> Records for the exercise:
.....

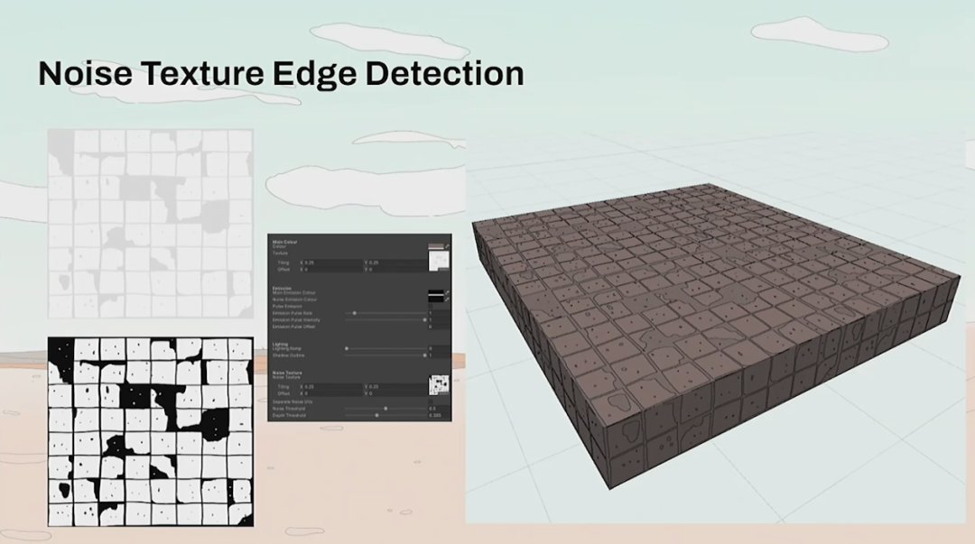 ● 第三种是噪音纹理。使用着色器为纹理贴图创建特定的插槽,通过区分纹理的色彩部分和噪音部分,可以组合创造出各种不同的样式。
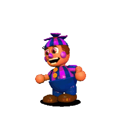 a cartoon character is wearing a purple and blue hat and blue pants .
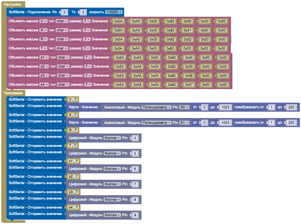 Открыть пример: Online ArduBlock
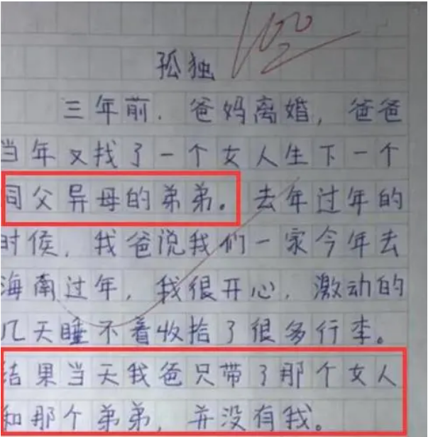 在各式各樣的小學生作文中,總是有那麼幾篇能夠在第一眼就抓住讀者的眼球,有時候會讓人們感嘆:這似乎不像這個年紀能寫出來的文章,不過凡事總有例外,確實有一些小學生的心思足夠細膩,表達手法也很老練,讓人看後能夠產生共情。
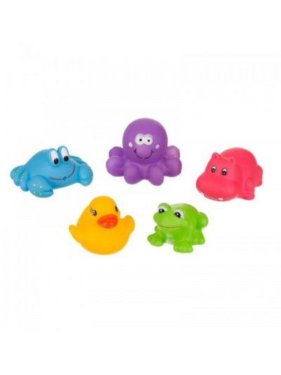 Barevné hračky do koupele Akuku. Sada 5 roztomilých barevných hraček - kachnička, žabka, hrošík, krab, chobotnice. Ideální na hraní ve vaně. Veselé barvy přitahnou pozornost našich nejmenších. Každá hračka má otvor, kterým můžete stříkat vodu. Zaoblené tvary zaručují bezpečnost během hry. Vyrobeny z bezpečných, vysoce kvalitních materiálů, neobsahují bisfenol A. Výška hraček 4 až 5 cm.
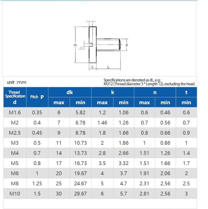 | Nome | Vite a testa tonda con intaglio a testa piatta |
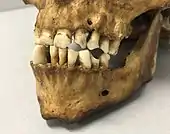 Théo avait les dents très cariées voire dévitalisées. On relèvera par ailleurs les encoches ovales mentionnées plus haut, situées dans la moitié gauche de sa bouche et formant une section quasi circulaire lorsque la mâchoire est entrouverte. Des analyses au microscope électronique à balayage ont révélé de fines traces de grattage, permettant de conclure à un phénomène d’usure par le bec en terre d’une pipe, dû aux grains de quartz qu’il contenait[6].

.....

> Problem: In the copy, include no pictures, but repeat the listing exactly.

> Solution to this problem:
 ● 第三种是噪音纹理。使用着色器为纹理贴图创建特定的插槽,通过区分纹理的色彩部分和噪音部分,可以组合创造出各种不同的样式。
 a cartoon character is wearing a purple and blue hat and blue pants .
 Открыть пример: Online ArduBlock
 在各式各樣的小學生作文中,總是有那麼幾篇能夠在第一眼就抓住讀者的眼球,有時候會讓人們感嘆:這似乎不像這個年紀能寫出來的文章,不過凡事總有例外,確實有一些小學生的心思足夠細膩,表達手法也很老練,讓人看後能夠產生共情。
 Barevné hračky do koupele Akuku. Sada 5 roztomilých barevných hraček - kachnička, žabka, hrošík, krab, chobotnice. Ideální na hraní ve vaně. Veselé barvy přitahnou pozornost našich nejmenších. Každá hračka má otvor, kterým můžete stříkat vodu. Zaoblené tvary zaručují bezpečnost během hry. Vyrobeny z bezpečných, vysoce kvalitních materiálů, neobsahují bisfenol A. Výška hraček 4 až 5 cm.
 | Nome | Vite a testa tonda con intaglio a testa piatta |
 Théo avait les dents très cariées voire dévitalisées. On relèvera par ailleurs les encoches ovales mentionnées plus haut, situées dans la moitié gauche de sa bouche et formant une section quasi circulaire lorsque la mâchoire est entrouverte. Des analyses au microscope électronique à balayage ont révélé de fines traces de grattage, permettant de conclure à un phénomène d’usure par le bec en terre d’une pipe, dû aux grains de quartz qu’il contenait[6].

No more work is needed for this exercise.